Data extract -

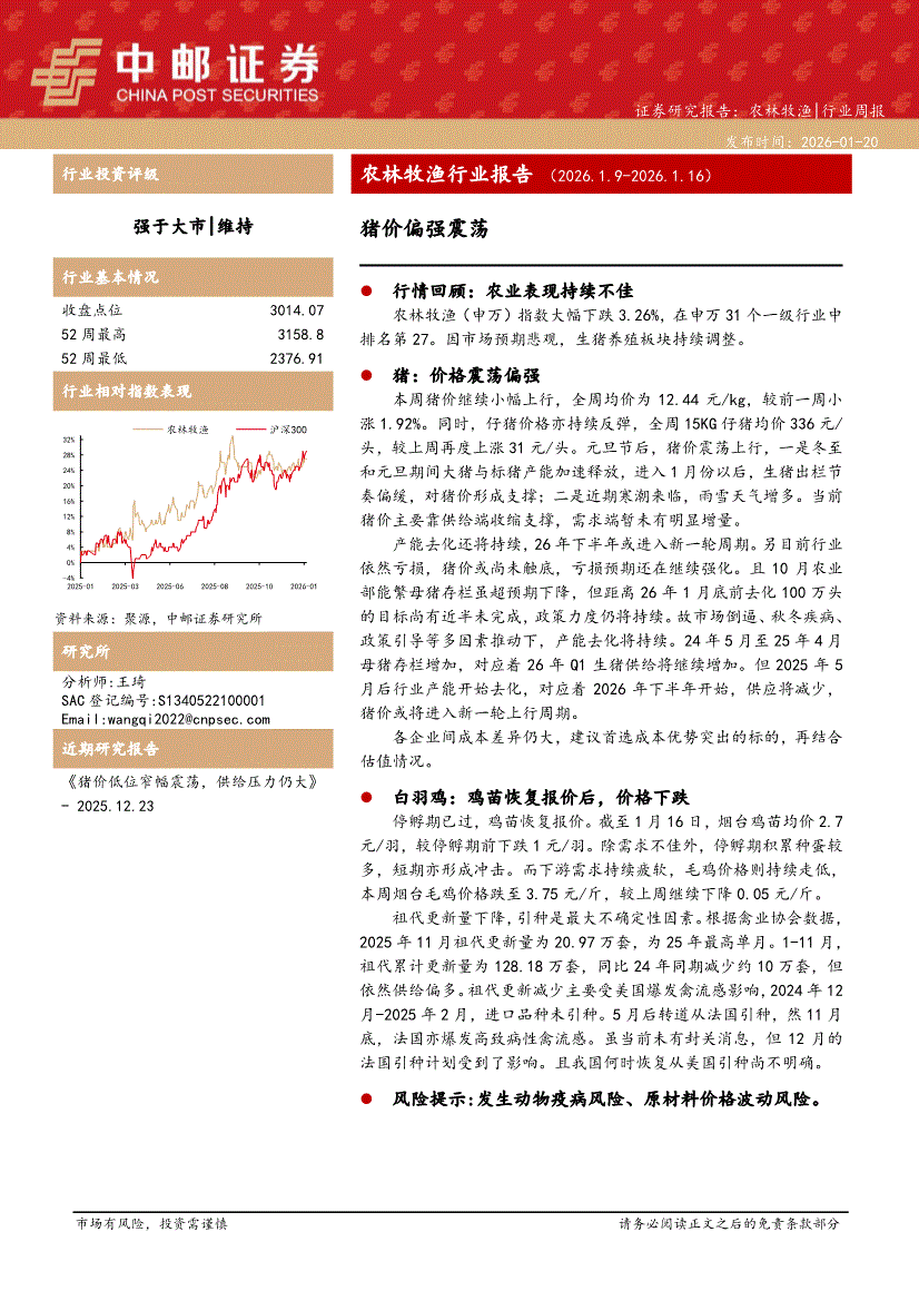 农林牧渔行业:中邮证券-农林牧渔行业周报:猪价偏强震荡-260120
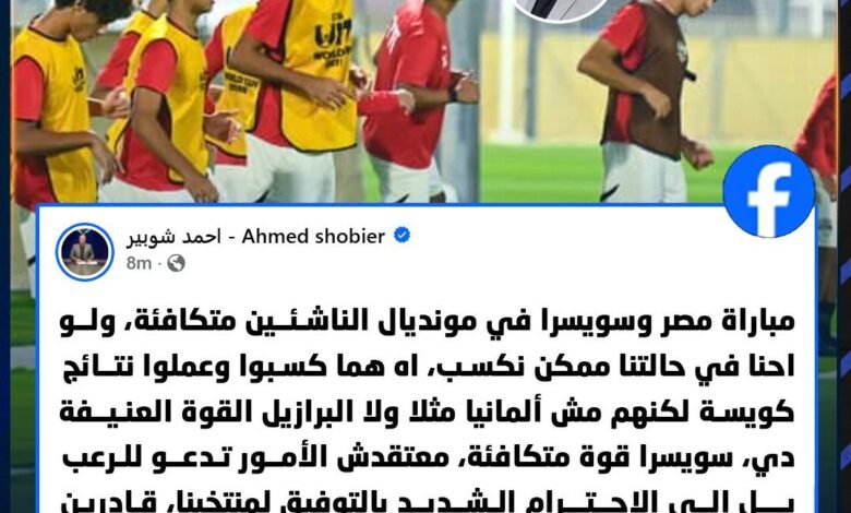 “مباراة مصر وسويسرا في مونديال الناشئين متكافئة، ولو احنا في حالتنا ممكن نكسب، لكن محتاجين نصدق نفسنا”، وهي كلمات عكست حجم الدعم الذي يقدمه للجهاز الفني واللاعبين في هذه المرحلة المهمة من البطولة.
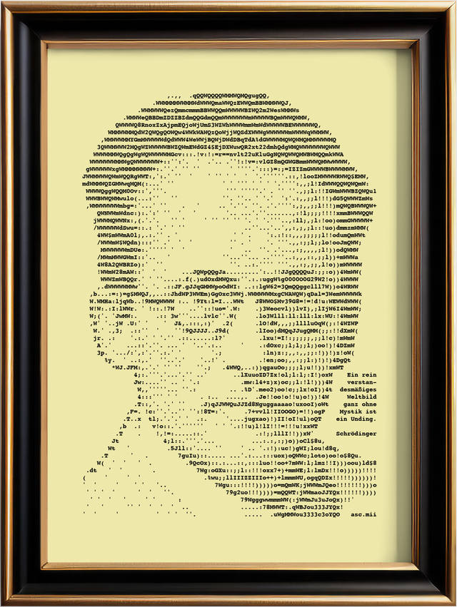 Edles Porträt von Erwin Schrödinger mit Zitat im Format A4. Nylonfarbband auf feinem geripptem Papier in Elfenbein, 160 g/cm². Jedes Bild ist ein Einzelstück, das eigens auf der Schreibmaschine hergestellt wird.

Work instruction - Pictures aside, reproduce all of the material above without alteration.

Completed exercise -
 农林牧渔行业:中邮证券-农林牧渔行业周报:猪价偏强震荡-260120
 “مباراة مصر وسويسرا في مونديال الناشئين متكافئة، ولو احنا في حالتنا ممكن نكسب، لكن محتاجين نصدق نفسنا”، وهي كلمات عكست حجم الدعم الذي يقدمه للجهاز الفني واللاعبين في هذه المرحلة المهمة من البطولة.
 Edles Porträt von Erwin Schrödinger mit Zitat im Format A4. Nylonfarbband auf feinem geripptem Papier in Elfenbein, 160 g/cm². Jedes Bild ist ein Einzelstück, das eigens auf der Schreibmaschine hergestellt wird.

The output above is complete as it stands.